Five days later, internal emails show, Zuckerman contacted the U.S. attorney in the Central District of Illinois. Zuckerman ordered him not to conduct any further investigations into Caterpillar. The US attorney conveyed the order to Mr. Miller.

Mr. Miller was surprised. He had not yet informed Mr. Zuckerman about the investigation. However, he was now pausing the investigation after recently meeting with Caterpillar’s lawyer, Mr. Cole, according to Justice Department emails.

“I wanted to confirm the address we just received from your office,” Miller wrote to two Justice Department tax officials. The agents had already landed in Holland and two more were about to board a flight to join them. The interview with a former Caterpillar director was due to begin in 16 hours. Canceling at the last minute “may compromise our ability” to ever interview the former manager, Miller wrote.

Mr. Miller asked for an explanation as to why the investigation was being paused. “Perhaps if we understood the underlying reasoning, we could address those concerns and still conduct the interview,” which had taken months to organize, he wrote.

Kevin Sweeney, who spent six years in the Justice Department’s tax division, said in a recent interview that the situation seemed “very unusual” based on the Times’ description. “I wouldn’t expect the tax division to stop an investigation based on statements made by the defense attorney without first speaking with the lead prosecutor,” he said.

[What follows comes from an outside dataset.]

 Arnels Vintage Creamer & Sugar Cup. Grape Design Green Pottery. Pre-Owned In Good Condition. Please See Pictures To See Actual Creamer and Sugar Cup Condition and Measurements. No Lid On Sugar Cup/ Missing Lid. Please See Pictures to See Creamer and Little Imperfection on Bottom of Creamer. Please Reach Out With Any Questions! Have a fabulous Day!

Two hours after Miller sent the email, he received a response: Senior Justice Department officials had decided “that no further action,” including the planned interview, should be taken “until further notice.” (That address was reported by Reuters in 2020.)

The agents were at a party hosted by the U.S. ambassador to the Netherlands when they received a call telling them to leave.

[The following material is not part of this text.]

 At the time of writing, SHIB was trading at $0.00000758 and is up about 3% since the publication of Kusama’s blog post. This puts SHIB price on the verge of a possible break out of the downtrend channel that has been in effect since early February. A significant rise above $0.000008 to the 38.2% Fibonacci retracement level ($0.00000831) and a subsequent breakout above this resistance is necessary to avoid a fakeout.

As of early 2019, Barr’s nomination was pending confirmation by the Senate. He said senators that he would comply with Justice Department ethics rules regarding recusing himself from matters involving clients like Caterpillar.

Shortly after the Senate voted in favor confirm Mr. Barr, Mr. Miller proposed to officials in Washington that the investigation be restarted. In April, they told him to wait, an email shows.

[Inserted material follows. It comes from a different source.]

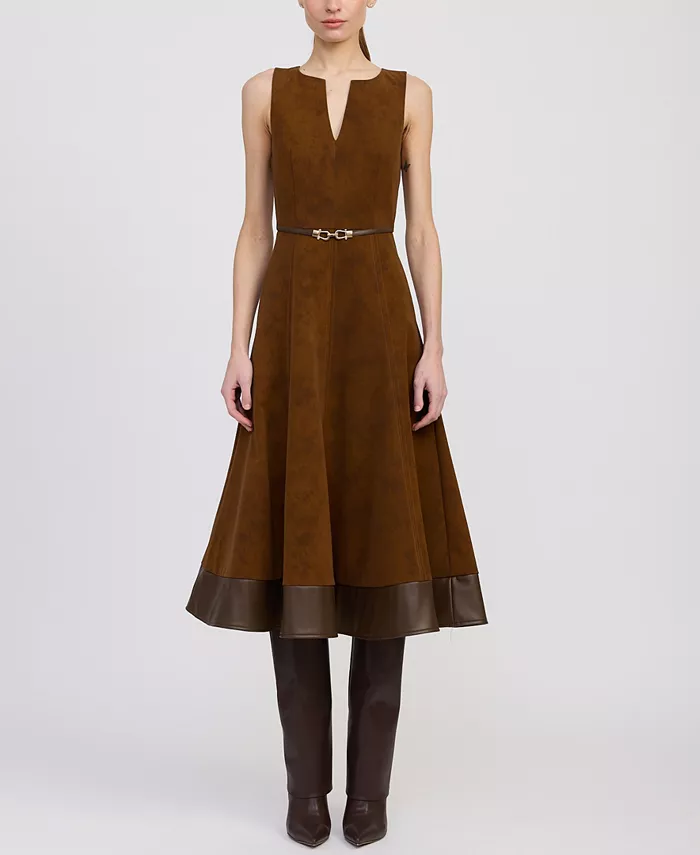 Plain Color Dress Mock Button V Neck Short Sleeve High Waisted A Line Mini Dress, Red

Judith Friedman, a Justice Department lawyer who had helped arrange the canceled interview in the Netherlands, was distraught. “I am very concerned about this case and would like to be assured that there is no political interference,” she wrote to a law enforcement colleague that month in an email reviewed by The Times. She suggested someone notify the inspector general, who can receive complaints about internal misconduct.

In September 2022, Caterpillar reached a settlement with the IRS, which court $490 million in taxes over a 10-year period, plus $250 million in interest. It was a fraction of the more than $2 billion in taxes the agency had previously said Caterpillar owed. (The $490 million included issues other than the Swiss strategy at the center of the investigation.) The company noted at the time that it “vigorously contested” the IRS’s interpretation of the tax rules at issue.

After the Biden administration took office in 2021, the Justice Department still did not pursue the investigation. In late 2022, the department’s tax division informed Caterpillar “that it does not have any pending criminal tax matters,” according to a securities presentation. Last year, the government began returning materials that agents had seized in 2017 raids.

In his letter to the Justice Department’s inspector general, LeBeau said investigators had not even been allowed to review most of the seized records, which he said was “completely unprecedented” in his 22-year career.

Glenn Zorzal contributed reports. kitty bennett contributed to the research.